A montagem nasceu originalmente no Teatro Popular do Bonsucesso e foi apresentada pela primeira vez na Mostra Teatral de Olinda de 1995. No sábado (25), às 16 horas, a peça é encenada no bairro de Rio Doce, mais precisamente na avenida das Graças, em frente ao nº 800, ao lado da Escola João Matos Guimarães. No domingo (26), também às 16 horas, a apresentação sobe ao Alto da Sé para encenar em frente à Escola de Samba Preto Velho. E no próximo sábado (1º de novembro) chegam ao Polo Cultural da Cidade Tabajara.

Ivo Rodrigues, diretor do Grupo de Atores Independentes, destaca a importância de deslocar o espetáculo de dentro do “teatro de caixa” para o espaço público. “O teatro de rua tem papel fundamental: ele sai do espaço fechado e se adapta às realidades do dia a dia. E Ariano Suassuna traduz com maestria o espírito do povo pernambucano: humor afiado, crítica social e sabedoria popular”, diz Rodrigues.

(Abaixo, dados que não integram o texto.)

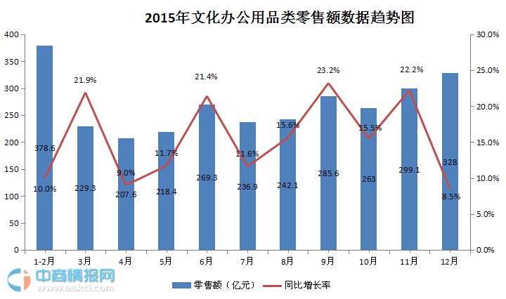 2015年全年,限额以上单位消费品零售额142558亿元,同比增长7.8%。其中文化办公用品类1-12月份零售额2963亿元,同比增加15.2%。
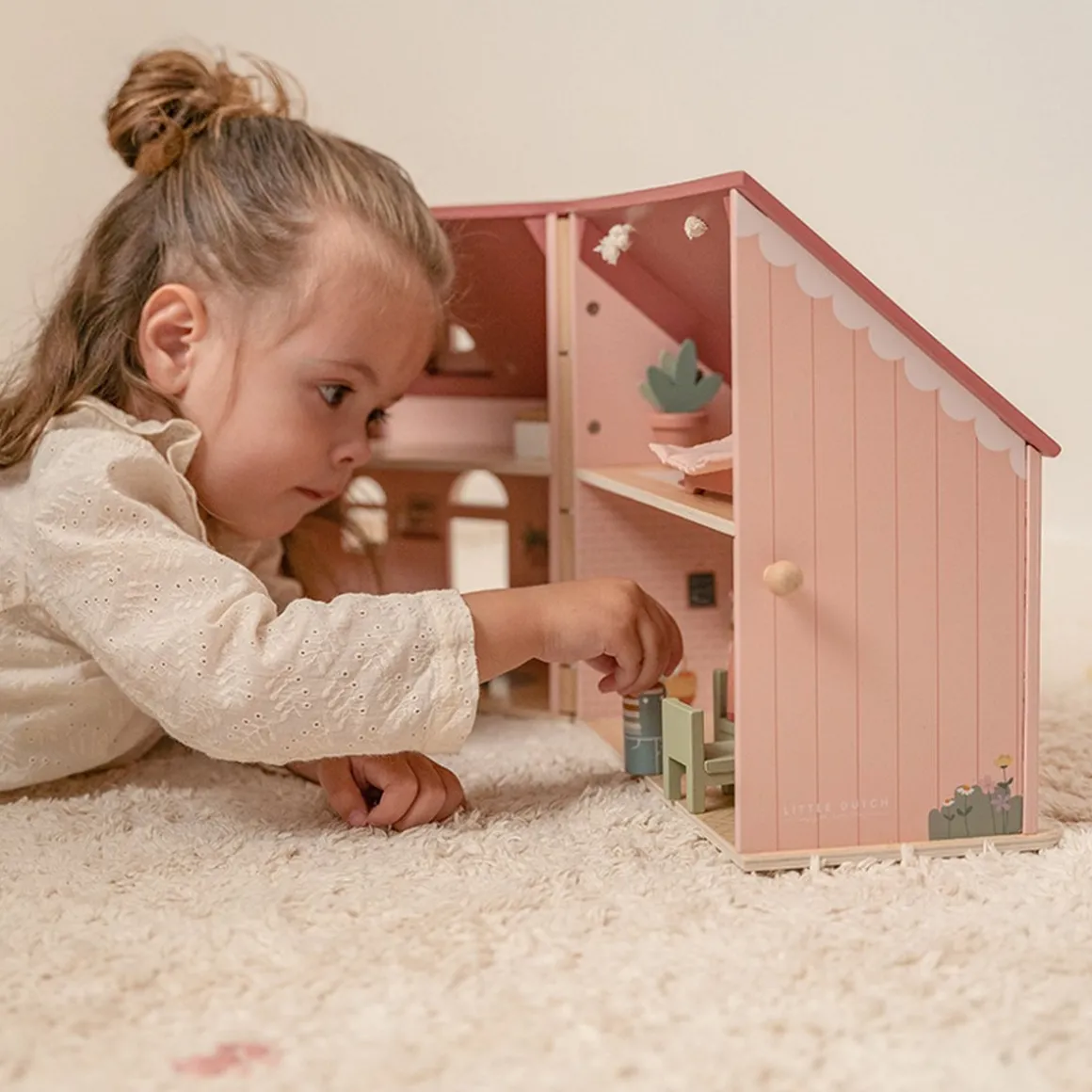 Laat de fantasie van je kind tot leven komen met het Little Dutch Houten Poppenhuis – Small – Pink. Dit schattige poppenhuis is ontworpen met oog voor detail en biedt urenlang speelplezier voor kinderen vanaf 3 jaar.
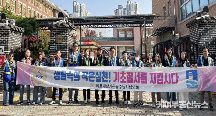 케이부동산뉴스 김교민 기자 | 수원시 영통구 바르게살기운동협의회는 지난 11월 7일, 매탄동 산남초등학교 앞에서 ‘기초질서 확립 캠페인’을 실시했다. 이는 일상 속에서 질서와 배려를 실천하는 시민 문화를 조성하고, 더불어 깨끗하고 안전한 생활환경을 만들어가기 위한 취지다.
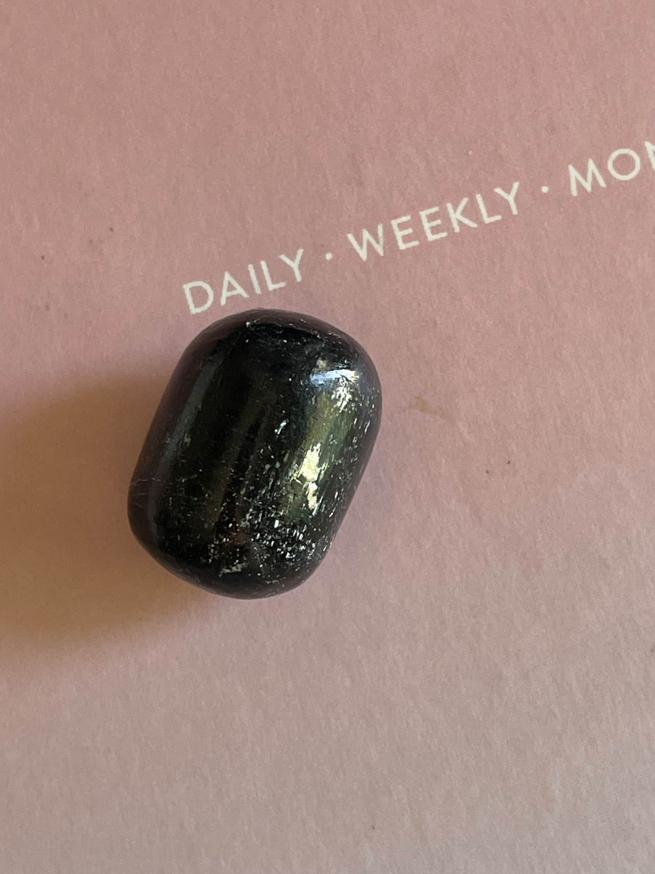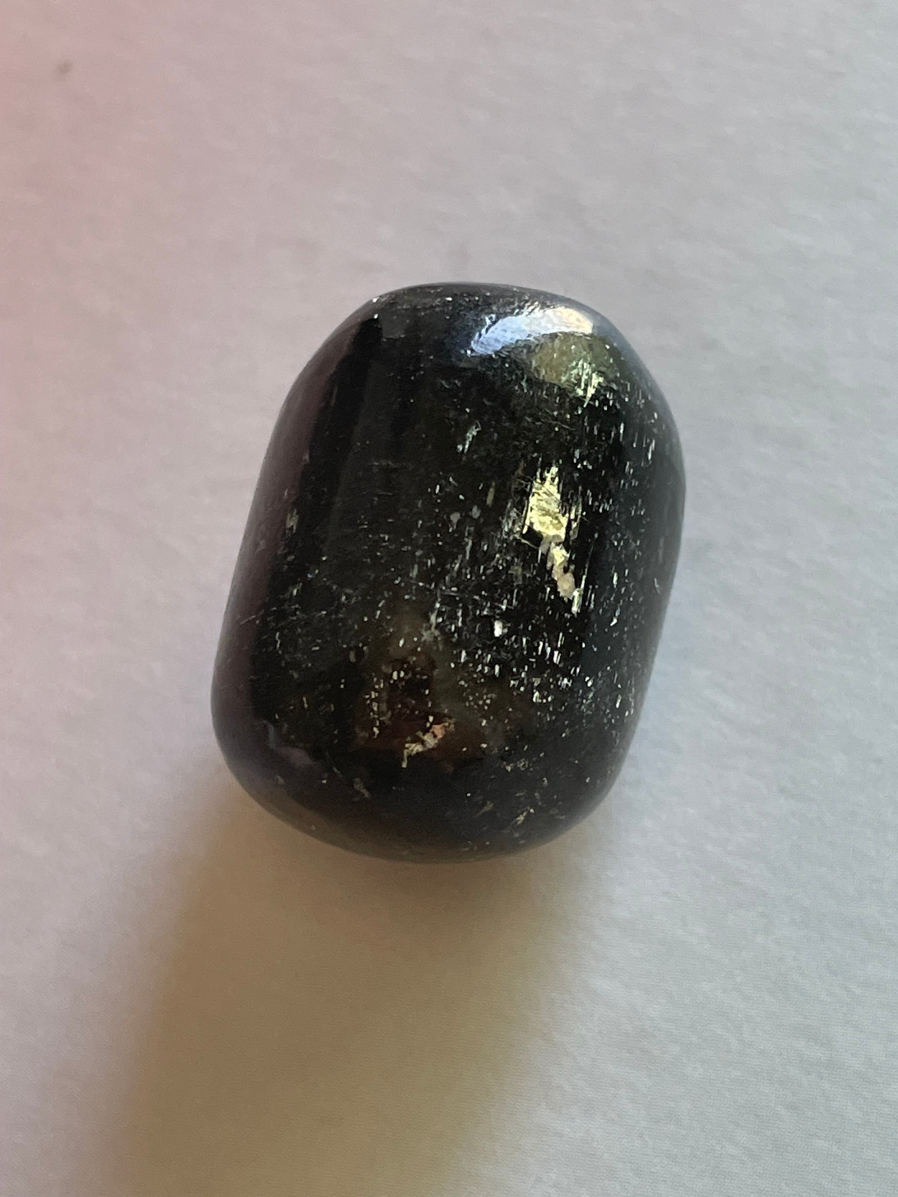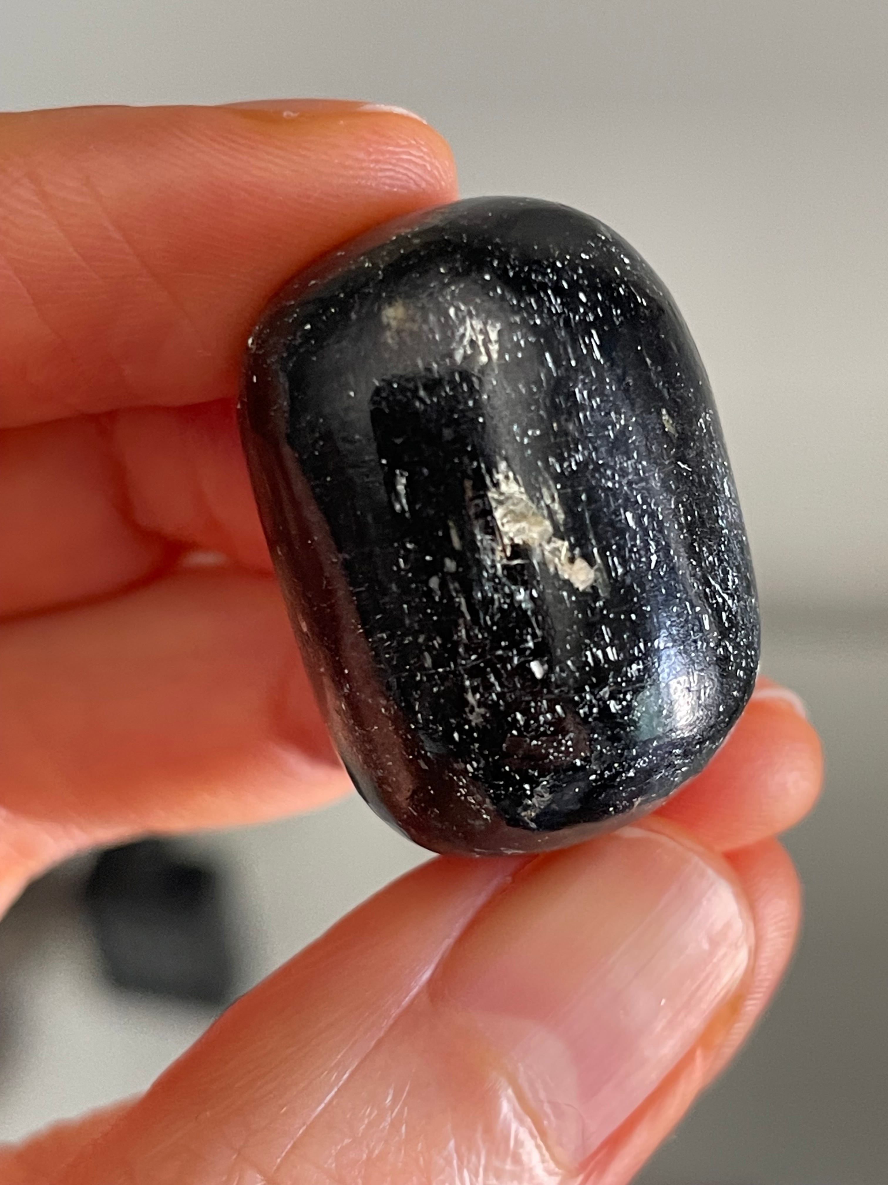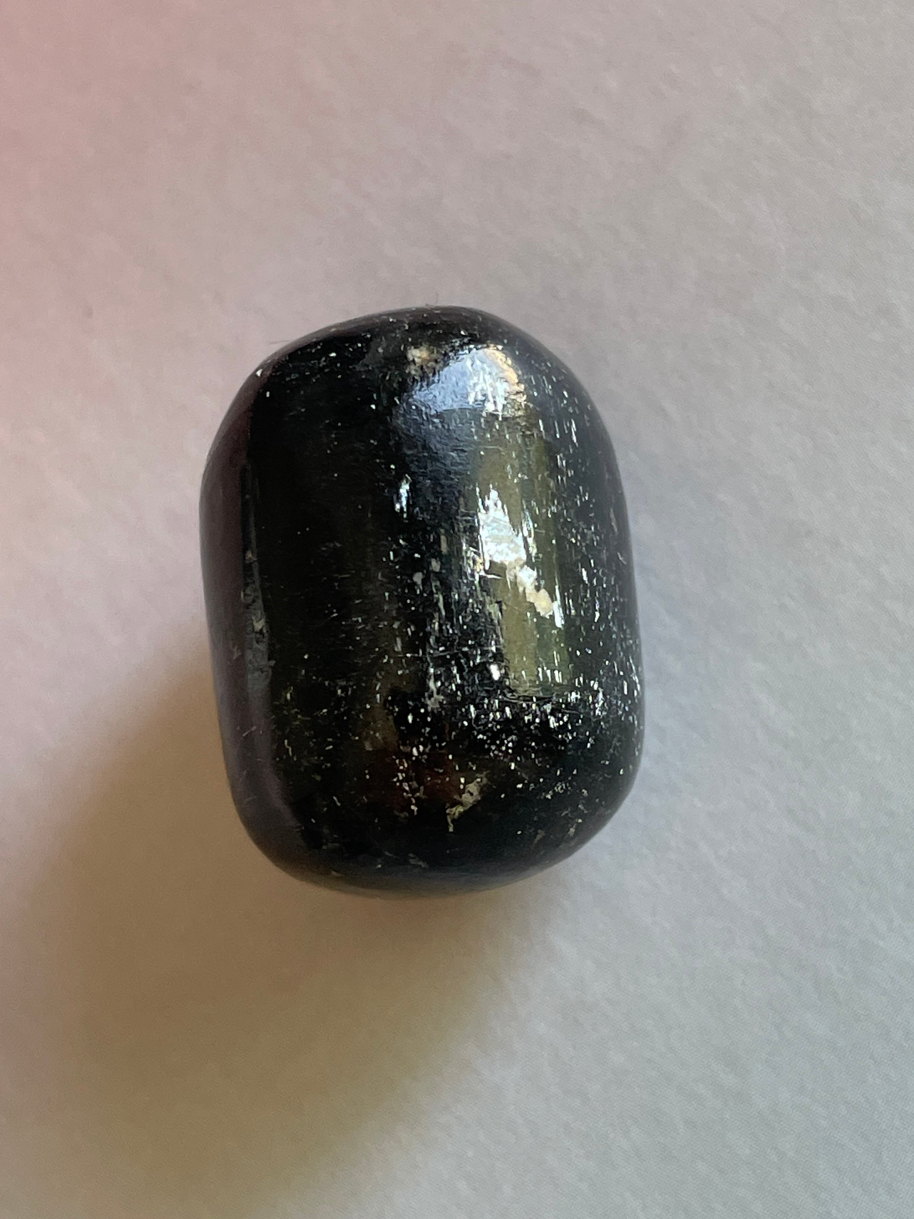 深い闇の中に、光を秘めたようなブラックトルマリンのタンブル。シルバーメタルのような輝きが、キラッと光る特別な一粒です。
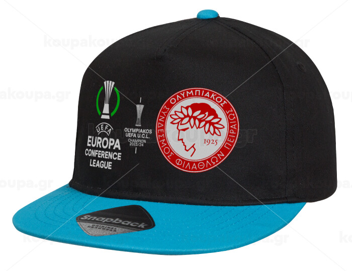 Olympiacos UEFA Europa Conference League Champion 2023/24, Child's Flat Snapback Hat, Black/Blue (100% COTTON, CHILD, UNISEX, ONE SIZE)
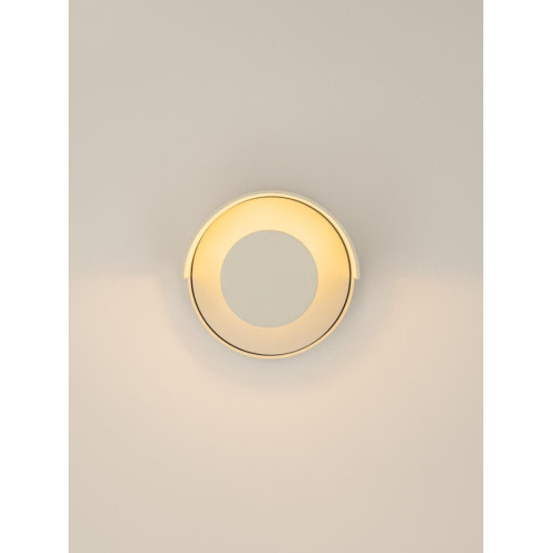 Stylish facade wall lamp with a high degree of ingress protection: IP65, made of white matt colour round aluminium body with a clear polycarbonate diffuser. Original solution for outdoor lighting of the facade, entrance door, porch and terrace of your home, villa and hotel.

A linguagem popular do Nordeste, as contradições dos detentores do poder, os dilemas morais, a sábia esperteza e perspicácia dos humildes ganham corpo com Alessandro do Nascimento, Elisandra de Santana Freitas, Emerson Diniz, Ivo Rodrigues, Natália Barreto, Ronaldo Quirino e Rosário Miranda. A direção é coletiva, com produção e programação visual de Ronaldo Quirino, sonoplastia de Fabiano Oliveira, figurinos de Ivo Rodrigues e Francis Souza e imagens de Wallace Brito.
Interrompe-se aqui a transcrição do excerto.